> **Given data**:
════

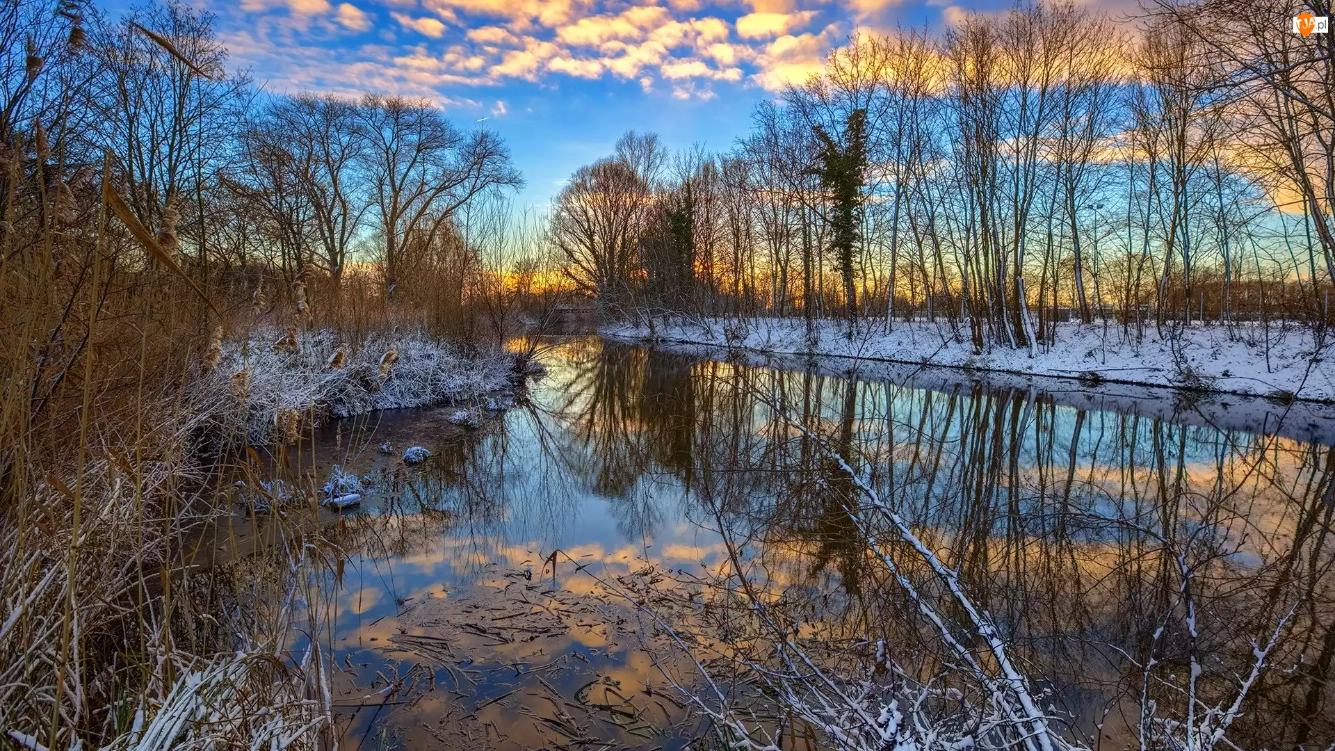 Drzewa, Wschód słońca, Zima, Odbicie, Rzeka, Trawy
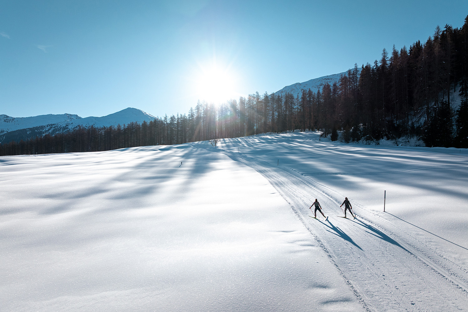 Im Herzen des Naturparks Biosfera Val Müstair finden ruhesuchende Langlaufbegeisterte ein wahres Eldorado. Fernab des Trubels bietet die Region ein Loipennetz mit rund 36 Kilometern, das durch stille Wälder, weite Flächen und kleine Dörfer führt.
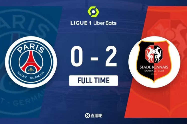 下半场补时6分钟,巴黎0-2雷恩。
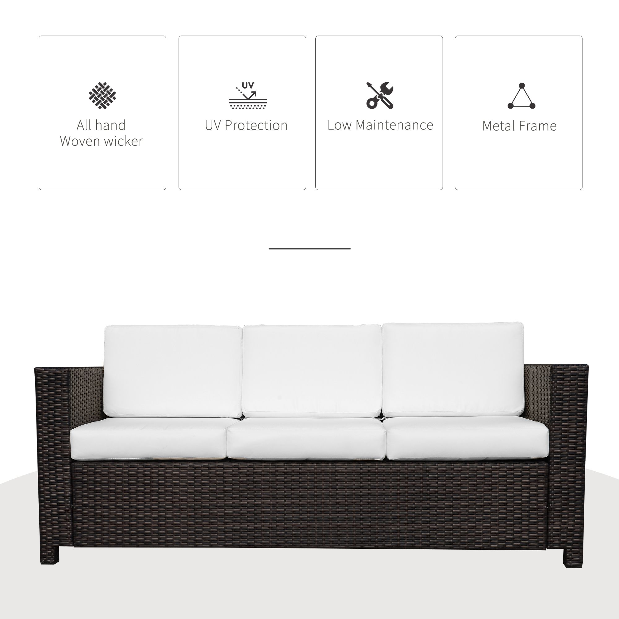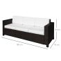 Garden Rattan 3 Seater All-Weather Wicker Weave Metal Frame Chair with Fire Resistant Cushion - Brown
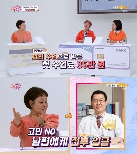 이날 이혜정은 “요리 선생하고 받은 첫 수업료가 35만 원이었다. 너무 소중해서 남편에게 다 줬다. 남편이 청소도 도와주고 해서 월급을 다 가져다 줬다”고 전했다.
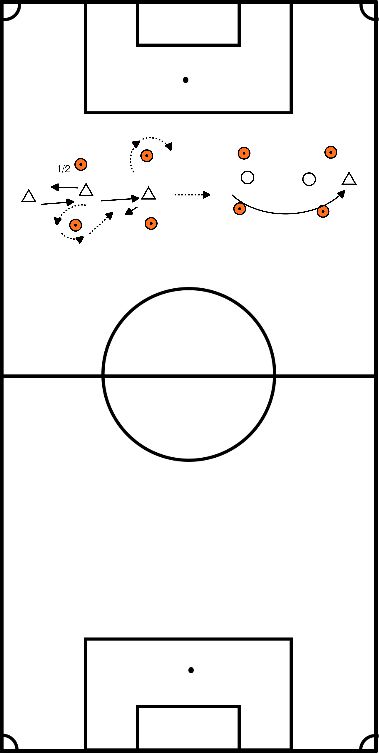 Voetbaloefening: pas / trapvorm
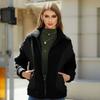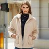 Women's Fall and Winter Long-sleeved Cardigan Zipper Plush Splicing Ladies Short Jacket
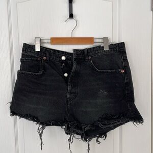 High Rise. Frayed Hem. High-waisted rigid fabric shorts with five pockets. Front metal button closure.
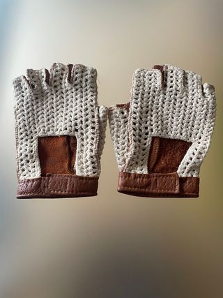 Guantes de conducción para hombre, combinando un diseño de crochet beige con detalles en piel. - Comprados en los años 80. - Parte superior de crochet transpirable. - Refuerzos de piel en la palma y muñeca. - Diseño sin dedos para mayor agarre. - Ancho palma mano 10,5 cm. Altura total 16 cm.
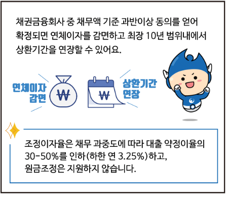 채무 상환 기간 연장 (최대 3년) 이자 감면 (최대 50%) 일부 채무 탕감 (최대 20%)
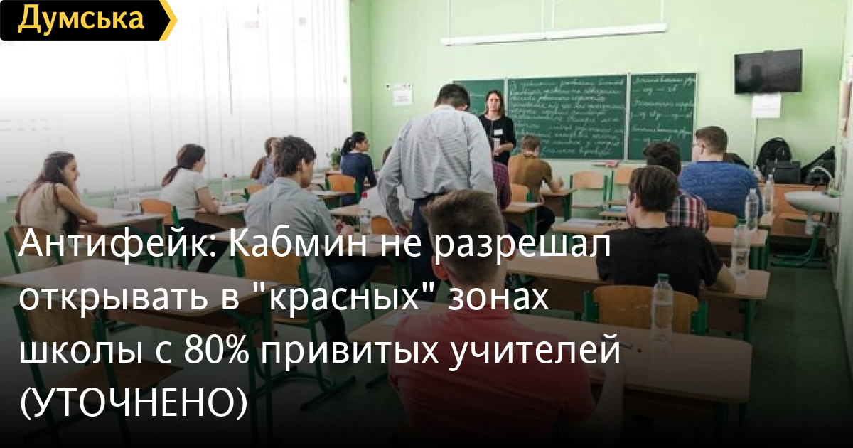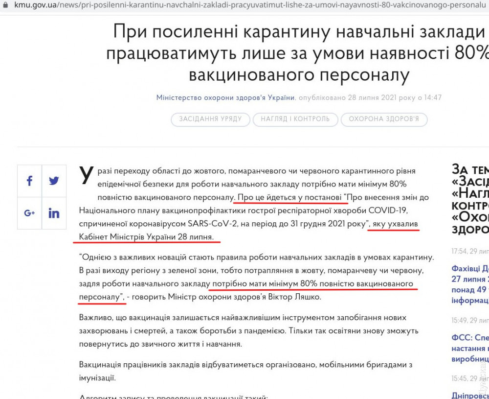 Министр здравоохранения Виктор Ляшко заявил, что Кабмин якобы разрешил открывать учебные заведения в «желтых», «оранжевых» и «красных» зонах при условии вакцинации 80% персоналах. Такое сообщение появилось на украинском правительственном портале.

════

Please give back exactly the lines from the first line of the records above through the line containing "채무 상환 기간 연장", only those and both included, with the pictures removed.

 Drzewa, Wschód słońca, Zima, Odbicie, Rzeka, Trawy
 Im Herzen des Naturparks Biosfera Val Müstair finden ruhesuchende Langlaufbegeisterte ein wahres Eldorado. Fernab des Trubels bietet die Region ein Loipennetz mit rund 36 Kilometern, das durch stille Wälder, weite Flächen und kleine Dörfer führt.
 下半场补时6分钟,巴黎0-2雷恩。
 Garden Rattan 3 Seater All-Weather Wicker Weave Metal Frame Chair with Fire Resistant Cushion - Brown
 이날 이혜정은 “요리 선생하고 받은 첫 수업료가 35만 원이었다. 너무 소중해서 남편에게 다 줬다. 남편이 청소도 도와주고 해서 월급을 다 가져다 줬다”고 전했다.
 Voetbaloefening: pas / trapvorm
 Women's Fall and Winter Long-sleeved Cardigan Zipper Plush Splicing Ladies Short Jacket
 High Rise. Frayed Hem. High-waisted rigid fabric shorts with five pockets. Front metal button closure.
 Guantes de conducción para hombre, combinando un diseño de crochet beige con detalles en piel. - Comprados en los años 80. - Parte superior de crochet transpirable. - Refuerzos de piel en la palma y muñeca. - Diseño sin dedos para mayor agarre. - Ancho palma mano 10,5 cm. Altura total 16 cm.
 채무 상환 기간 연장 (최대 3년) 이자 감면 (최대 50%) 일부 채무 탕감 (최대 20%)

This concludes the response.